La cantidad de plantas florecidas que se pueden tener en un hogar son entre una y nueve, y se puede cultivar hasta 6m2 y solo en los interiores. Por ahora, el cultivo exterior no está permitido. Pero si se necesita transportar el producto se puede hacer utilizando entre uno y seis frascos de 30ml o hasta 40 gramos de flores secas.

Registro de individuos y de semillas

Para poder acceder como usuario, tercero cultivador, ONG o médico tratante al cannabis medicinal es necesario tener un usuario en Argentina.gob.ar.

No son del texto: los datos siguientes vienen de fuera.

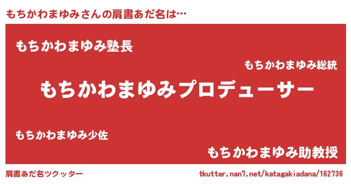 | 意味不明あだ名 | 『とにかく怪しいもちかわまゆみ』 |

El perfil de los usuarios se dividen en: persona en tratamiento con fórmula de cannabis medicinal; representante de esa persona; cultivador para familiar o allegado; ONGs vinculadas a la salud, y profesional de salud que prescribe el cannabis con fines medicinales.

La autorización del registro contiene la información del solicitante, el código de seguridad QR y la imagen del certificado.

Otro de los puntos a tener en cuenta es que las personas que registren un autocultivo ante el Ministerio de Salud no quedan contemplados en la trazabilidad que hace el Instituto Nacional de Semillas (INASE) “desde la siembra hasta la cosecha de la planta de cannabis medicinal”.

Para Valeria Salech, fundadora de la ONG Mamá Cultiva, la falta de semillas registradas en INASE provocará un “tardío funcionamiento del Reprocann”.

Además, el germoplasma que no haya sido ingresado o declarado con origen genérico cierto ante INASE no podrá solicitar inscripciones ante los distintos registros de ese organismo.